I “own” a mailing list called NCG4Lib. It’s purpose is to provide a forum for the discussion of all things “next generation library catalog”. As of this writing, there are about 2,000 subscribers.
Lately I have been asking myself, “What sorts of things get discussed on the list and who participates in the discussion?” I thought I’d try to answer this question with a bit of text mining. This analysis only covers the current year to date, 2010.
Author names
Even though there are as many as 2,000 subscribers, only a tiny few actually post comments. The following pie and line charts illustrate the point without naming any names. As you can see, eleven (11) people contribute 50% of the postings.
11 people post 50% of the messages
The lie chart illustrates the same point differently; a few people post a lot. We definitely have a long tail going on here.
They definitely represent a long tail
Subject lines
The most frequently used individual subject line words more or less reflect traditional library cataloging practices. MARC. MODS. Cataloging. OCLC. But also notice how the word “impasse” is included. This may reflect something about the list.
The subject words look “traditional”
I’m not quite sure what to make of the most commonly used subject word bigrams.
‘Don’t know what to make of these bigrams
Body words
The most frequently used individual words in the body of the postings tell a nice story. Library. Information. Data. HTTP. But notice what is not there — books. I also don’t see things like collections, acquisitions, public, services, nor value or evaluation. Hmm…

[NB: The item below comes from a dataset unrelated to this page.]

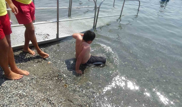 Edremit Belediyesi’nin özel engelli aracı ile İvrindi ilçesine bağlı Haydar Mahallesi’ndeki evinden alınan Hilmi Nuri Güleç; anne ve babası ile Altınkum Mahallesi sahilindeki engelli vatandaşların kullanımına uygun rampadan denize girdi. İlk kez denize girmenin mutluluğunu yaşayan Güleç keyifli ve mutlu bir gün geçirdi.

The most frequently used bigrams in the body of the messages tell an even more interesting story because the they are dominated by the names of people and things.
The phrases “information services” and “technical services” do not necessarily fit my description. Using a concordance to see how these words were being used, I discovered they were overwhelmingly a part of one or more persons’ email signatures or job descriptions. Not what I was hoping for. (Sigh.)
Conclusions
Based on these observations, as well as my personal experience, I believe the NGC4Lib mailing list needs more balance. It needs more balance in a couple of ways:
- There are too few people who post the majority of the content. The opinions of eleven people do not, IMHO, represent the ideas and beliefs of more than 2,000. I am hoping these few people understand this and will moderate themselves accordingly.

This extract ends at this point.